#### DATA PROVIDED
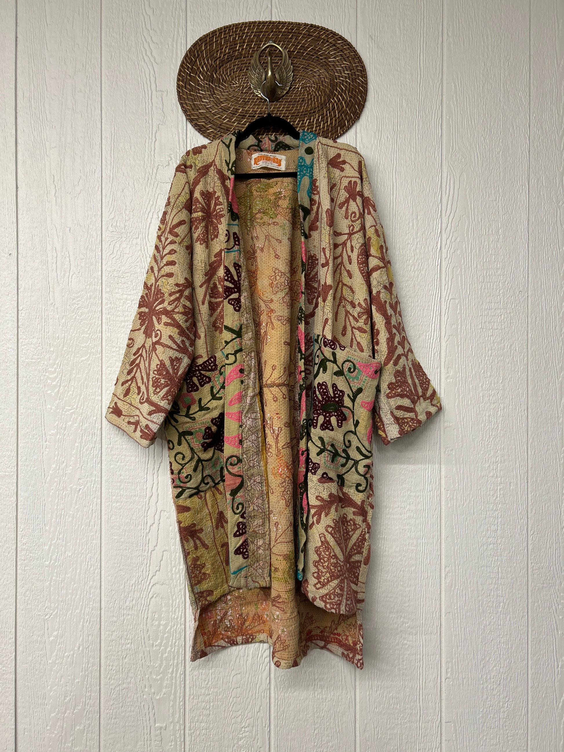 Crafted from hand embroidered fine kantha features slouchy exterior pockets, an open front silhouette with a slight high low hem for extra dimension.
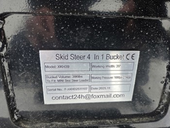 3711 2026 GIYI XKH39F 39 Inch Hydraulic Mini Skid Steer 4 in 1 Bucket (Unused)
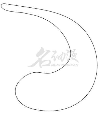 第一步:首先,绘制一个形状看起来像一个大且向后倒的“C”,它的顶部很薄,然后随着向下变厚,直到它到达底部类似的大圆圆。如图所示:
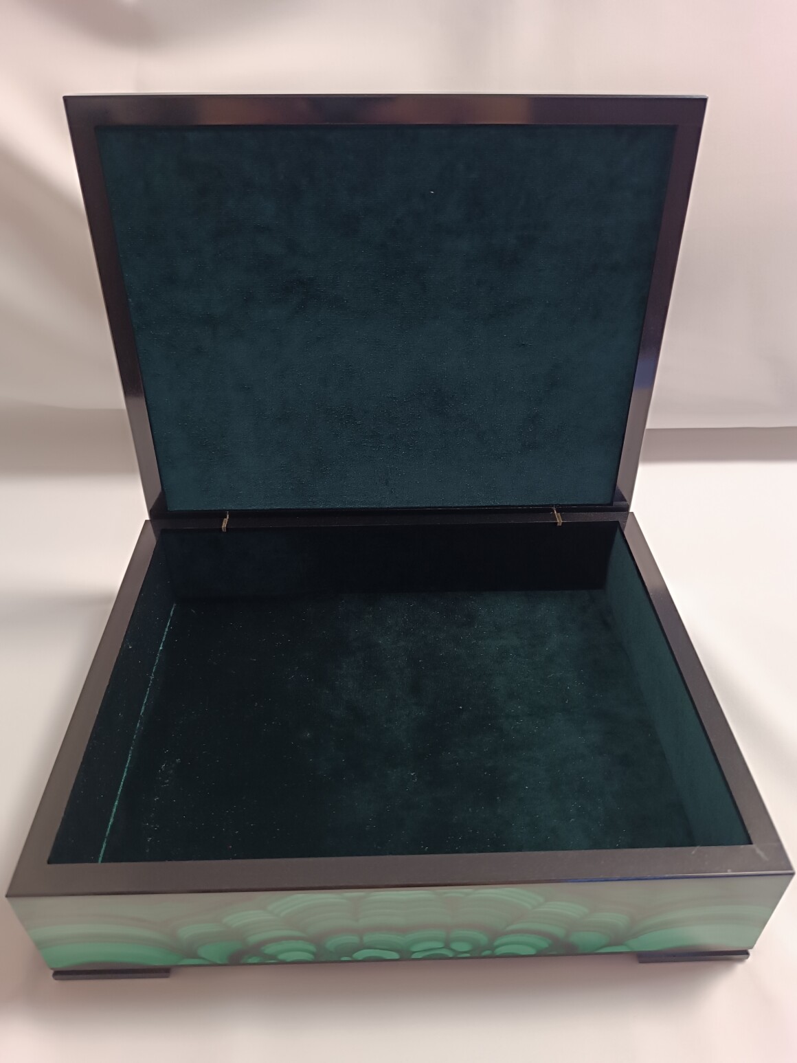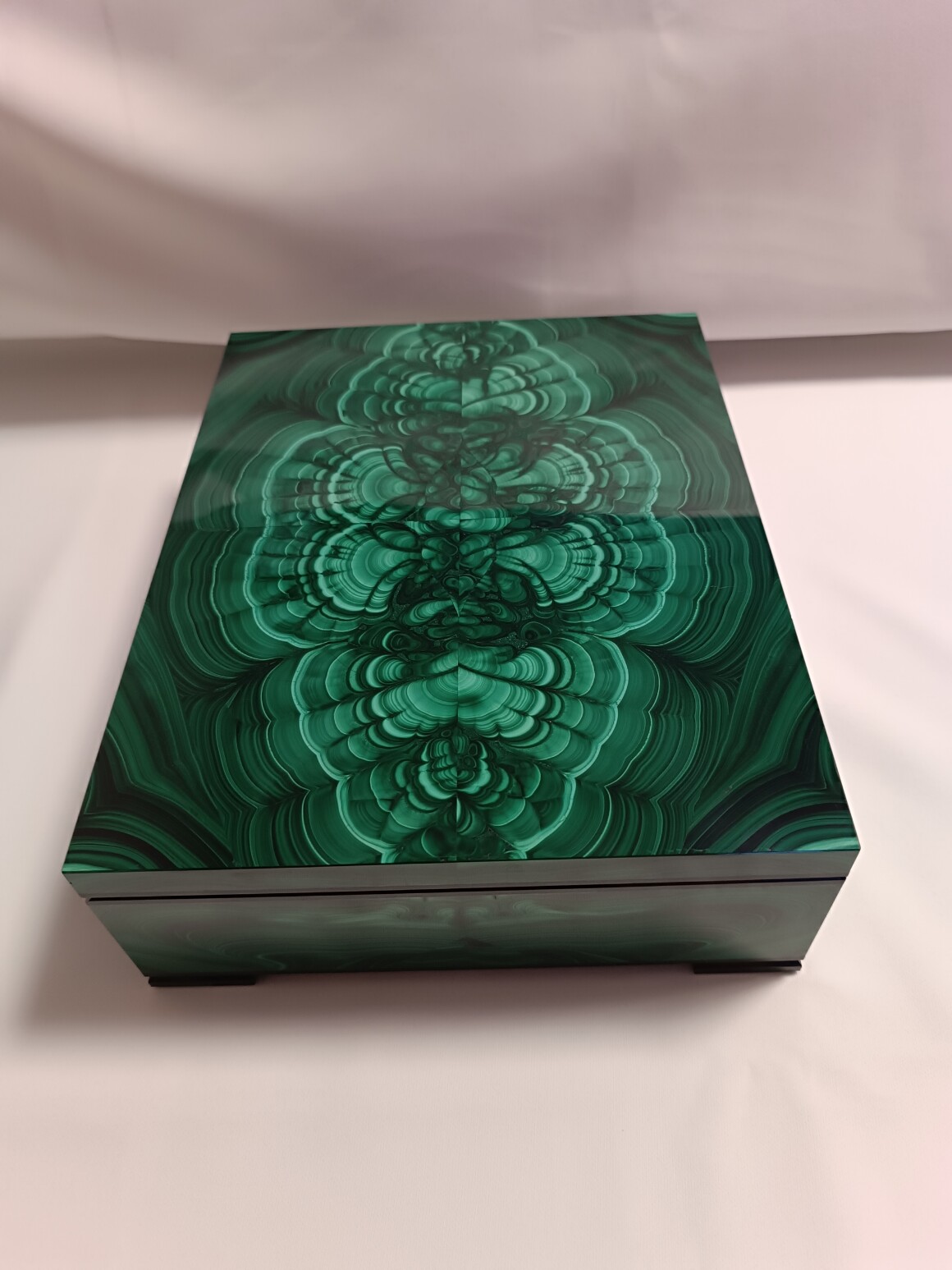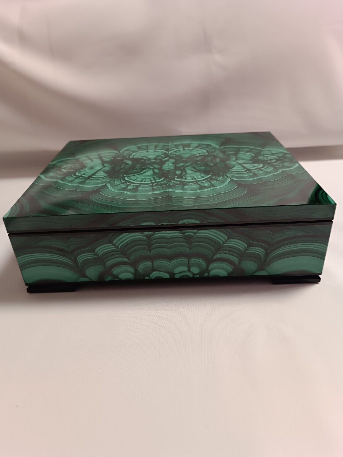 Шкатулка сделана Уральским Мастером из природного малахита.Размер шкатулки 250-200-75 мм . Шкатулка внутри обклеена зеленым бархатом. На ножках наклеена специальная ткань чтоб не царапать поверхность. Ножки рамки сделаны из долерита , шарниры из латуни (Ручная работа) Шкатулка вместительная , можно хранить не только ювелирные изделия.
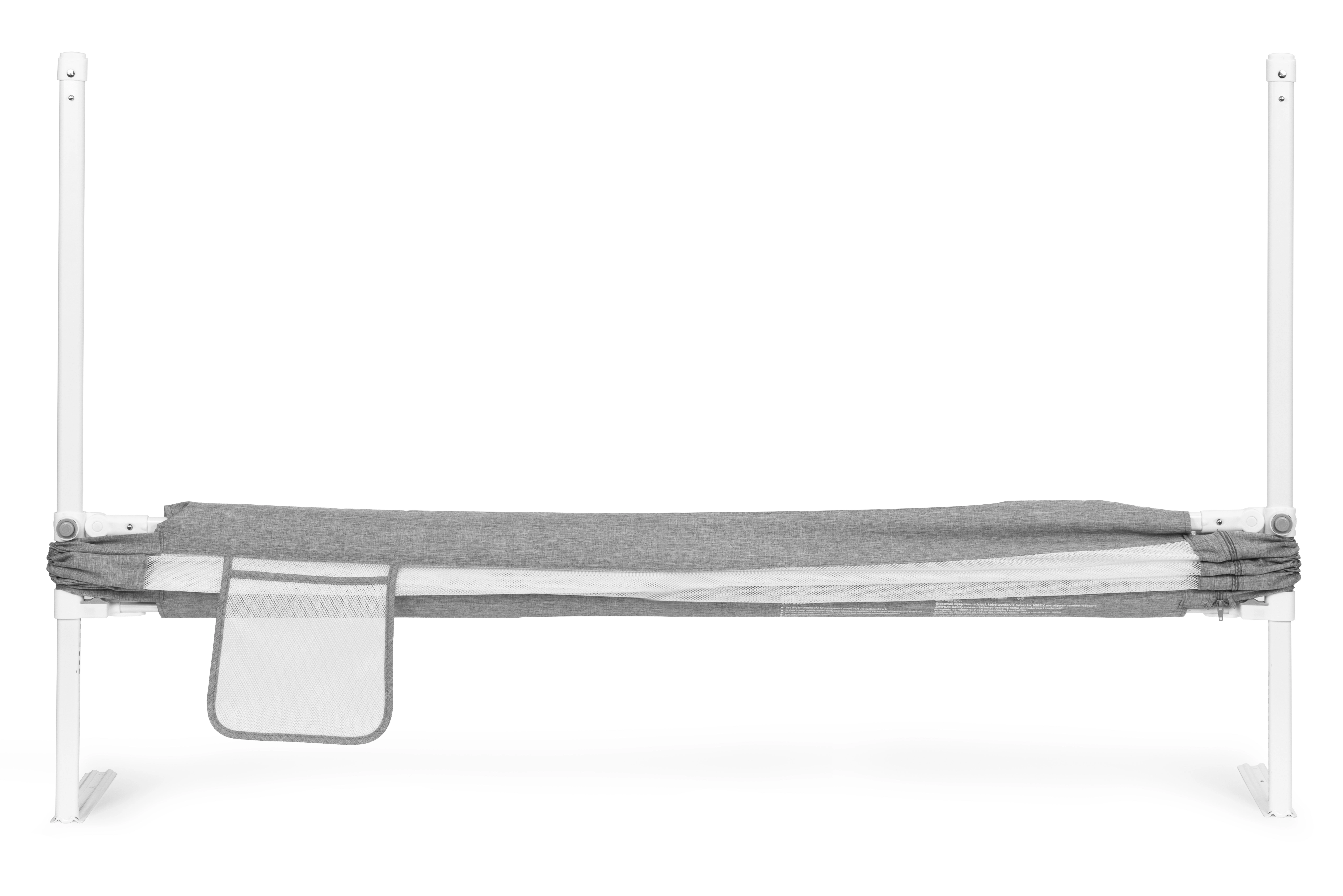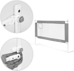 Универсалната система за закрепване улеснява монтажа върху различни видове легла, а възможността за свързване на няколко панела създава защитено пространство по обиколката на леглото. Здравата комбинация от стомана, PP и качествен текстил гарантира стабилност и лесна поддръжка – калъфът може да се сваля и пере.
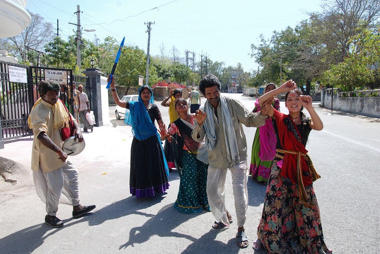 Впереди у ворот частного дома калядует “группа добровольцев″. Бьют в бубны, поют, пляшут. С чувством так :) Правда, просят у меня 50 рупий за просмотр танцев. Сбегаю от них к очередным поздравляльщикам с разноцветными пакетами.
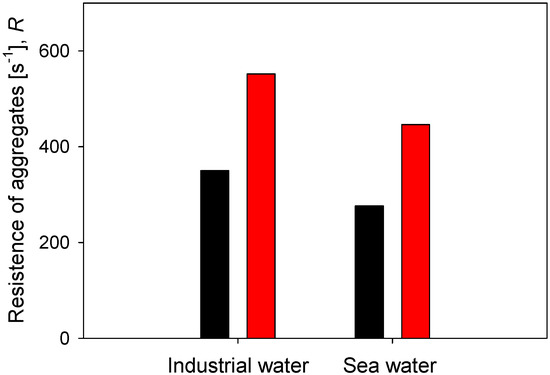 The resistance response of kaolin aggregates to different salinities was somewhat greater in the study by Jeldres et al. [25], whose experiments were carried out at pH 5.5. In contrast, in the present study, the experiments were carried out at pH 8, at which the kaolin particles are mostly anionic. At pH 5.5, in the work of Jeldres et al., kaolin particles in freshwater form aggregates by electrostatic attraction between cationic edges and anionic faces (giving rise to the well-known house-of-cards structure). However, if the ion concentration increases, the electrostatic shielding of the mineral surface reduces the number of edge–face bonds, and face–face type organizations prevail, which are more fragile, and also the efficiency of the flocculant is critically reduced by coiling. A pH of 8 does not favor edge–face bonds that provide resistance to the kaolin aggregates, and thus their resistance is somewhat lower than at pH 5.5. In the presence of seawater and at a pH of 8, on the one hand, salt bridges are activated that contribute to the resistance of the aggregates, and on the other, the flocculant chains are deactivated due to coiling; the resistance of the aggregates is the net effect of these two factors.
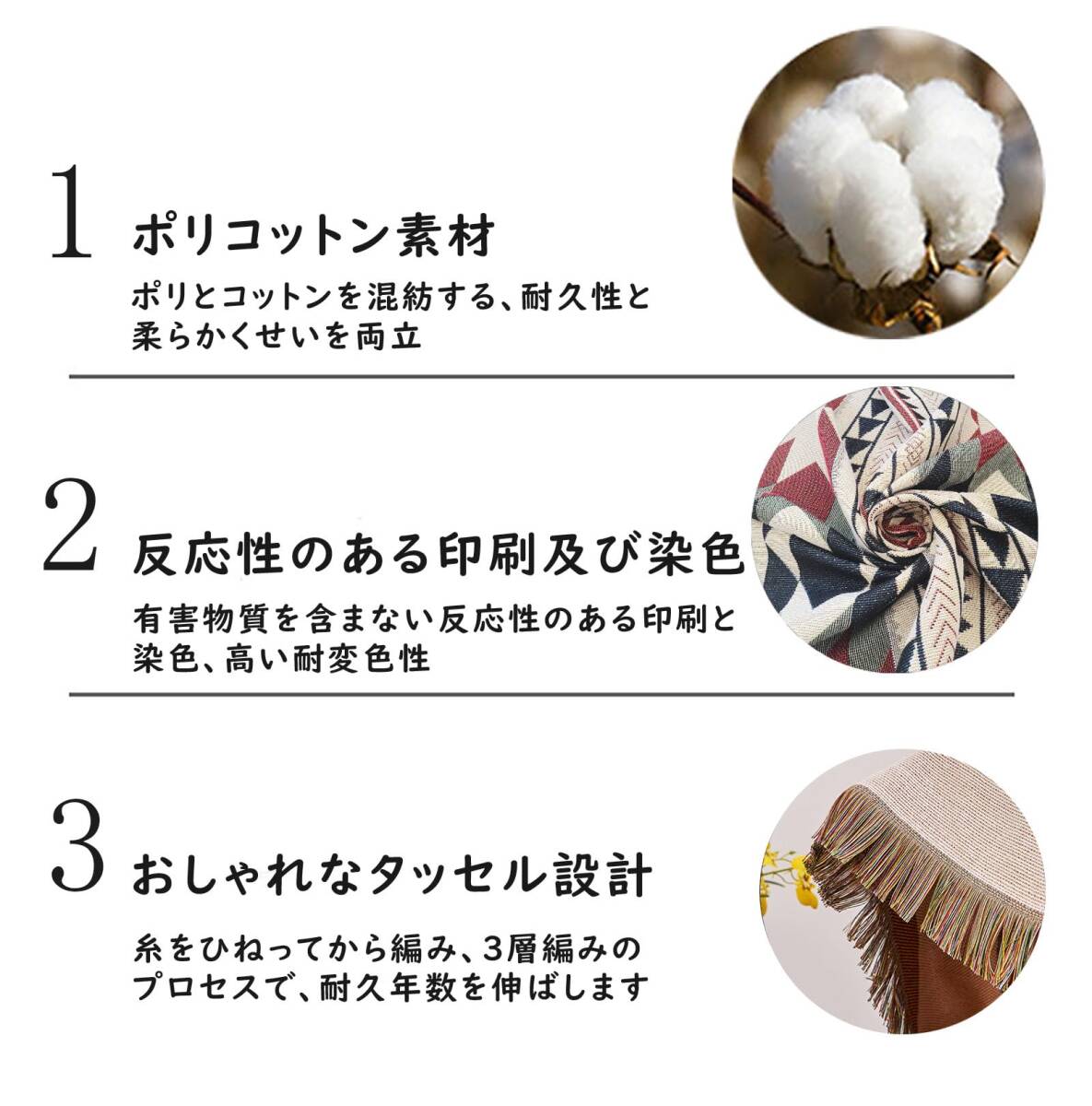 【おしゃれなデザイン】チェコのボヘミア地方の民族衣装に由来し、自由奔放な生活を送るジプシーのファッションや民族衣装を取り入れたスタイルを採用したブランケットは色もフリンジもジプシー人の放浪な感じを溢れられます。男女老若問わず好かれる柄です。
########
- **EXERCISE**:
Print each record as it appears above, dropping every picture from the copy.

- **OUTPUT OF THE TASK**:
 Crafted from hand embroidered fine kantha features slouchy exterior pockets, an open front silhouette with a slight high low hem for extra dimension.
 3711 2026 GIYI XKH39F 39 Inch Hydraulic Mini Skid Steer 4 in 1 Bucket (Unused)
 第一步:首先,绘制一个形状看起来像一个大且向后倒的“C”,它的顶部很薄,然后随着向下变厚,直到它到达底部类似的大圆圆。如图所示:
 Шкатулка сделана Уральским Мастером из природного малахита.Размер шкатулки 250-200-75 мм . Шкатулка внутри обклеена зеленым бархатом. На ножках наклеена специальная ткань чтоб не царапать поверхность. Ножки рамки сделаны из долерита , шарниры из латуни (Ручная работа) Шкатулка вместительная , можно хранить не только ювелирные изделия.
 Универсалната система за закрепване улеснява монтажа върху различни видове легла, а възможността за свързване на няколко панела създава защитено пространство по обиколката на леглото. Здравата комбинация от стомана, PP и качествен текстил гарантира стабилност и лесна поддръжка – калъфът може да се сваля и пере.
 Впереди у ворот частного дома калядует “группа добровольцев″. Бьют в бубны, поют, пляшут. С чувством так :) Правда, просят у меня 50 рупий за просмотр танцев. Сбегаю от них к очередным поздравляльщикам с разноцветными пакетами.
 The resistance response of kaolin aggregates to different salinities was somewhat greater in the study by Jeldres et al. [25], whose experiments were carried out at pH 5.5. In contrast, in the present study, the experiments were carried out at pH 8, at which the kaolin particles are mostly anionic. At pH 5.5, in the work of Jeldres et al., kaolin particles in freshwater form aggregates by electrostatic attraction between cationic edges and anionic faces (giving rise to the well-known house-of-cards structure). However, if the ion concentration increases, the electrostatic shielding of the mineral surface reduces the number of edge–face bonds, and face–face type organizations prevail, which are more fragile, and also the efficiency of the flocculant is critically reduced by coiling. A pH of 8 does not favor edge–face bonds that provide resistance to the kaolin aggregates, and thus their resistance is somewhat lower than at pH 5.5. In the presence of seawater and at a pH of 8, on the one hand, salt bridges are activated that contribute to the resistance of the aggregates, and on the other, the flocculant chains are deactivated due to coiling; the resistance of the aggregates is the net effect of these two factors.
 【おしゃれなデザイン】チェコのボヘミア地方の民族衣装に由来し、自由奔放な生活を送るジプシーのファッションや民族衣装を取り入れたスタイルを採用したブランケットは色もフリンジもジプシー人の放浪な感じを溢れられます。男女老若問わず好かれる柄です。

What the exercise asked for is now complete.